You’ll hear this called “hallucinating,” the industry’s word for an AI stating something false as though it were true.
Why it doesn’t say “I don’t know” more often
In September 2025, OpenAI published research on exactly this question. Its explanation, in short: the way these systems are trained and scored tends to reward a guess over admitting uncertainty. It compares this to a multiple-choice test, where leaving a question blank always scores zero but a guess sometimes scores a point.
That’s useful to know, because it means confident mistakes aren’t a glitch one update will remove. The pull toward a confident answer comes from how these systems are built and measured. OpenAI’s proposed fix is to change the scoring, so that a confident wrong answer costs more than admitting uncertainty.
An example
Ask an AI app for a local store’s return policy. If it didn’t look anything up, it may describe a typical policy, like 30 days with a receipt, in exactly the tone it would use if it had read the store’s real policy. Nothing in the wording tells you which one you got.
What it is not
It isn’t lying. Lying needs an intention, and there isn’t one.
It isn’t broken. The same process that invents the return policy also writes your clear, useful email.
It isn’t random. It tends to be more reliable on things that are widely and consistently written about, and less reliable on details that are specific, local, recent, or obscure.
What this means for you
Ignore how confident an answer sounds. A calm, detailed answer is no more likely to be right than a hesitant one.

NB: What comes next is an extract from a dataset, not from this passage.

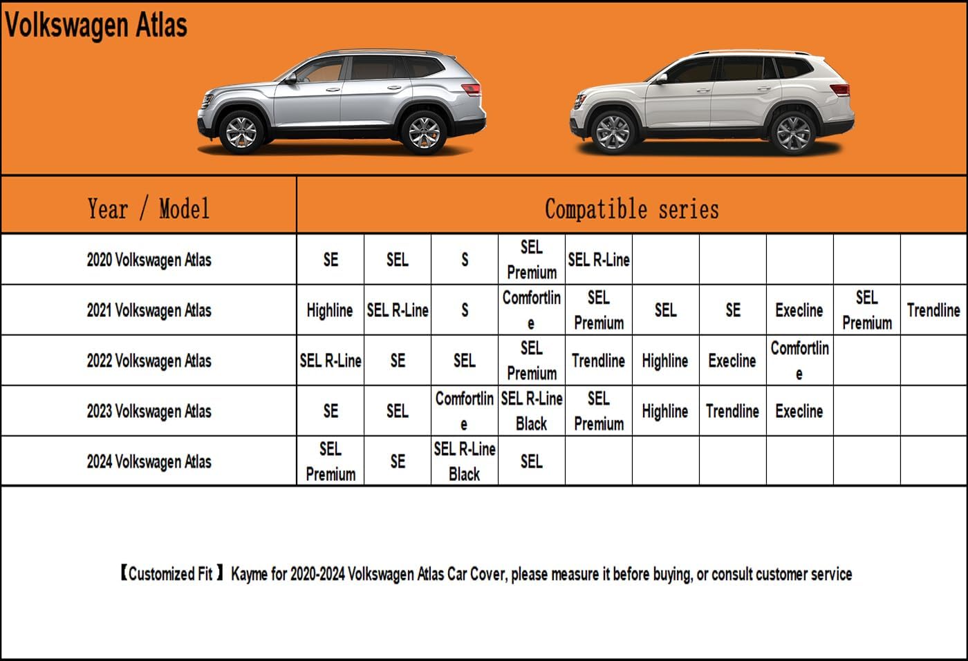 - 【Suitable for】— Custom fit for Volkswagen Atlas (2017-2025) . Come with a large enough portable bag to store your cover when you do not use

Match your checking to the cost of being wrong. A birthday message needs a read-through. A medication, a deadline, a legal right, or a number you'll act on needs a source outside the chat.
Lean on AI where you can check the result: drafting, explaining a document you gave it, organizing your own notes. Be careful where you can't.
Should you care?
- If you use AI to write and reword
- Maybe. You'll read the result anyway, and that read covers most of it. Watch for facts it added that weren't in what you gave it.
- If you ask AI factual questions
- Yes. This is where a confident wrong answer does the most damage, because nothing about it prompts you to check.
- If you use AI at work
- Yes. A wrong figure or policy in something you send goes out under your name, not the AI's.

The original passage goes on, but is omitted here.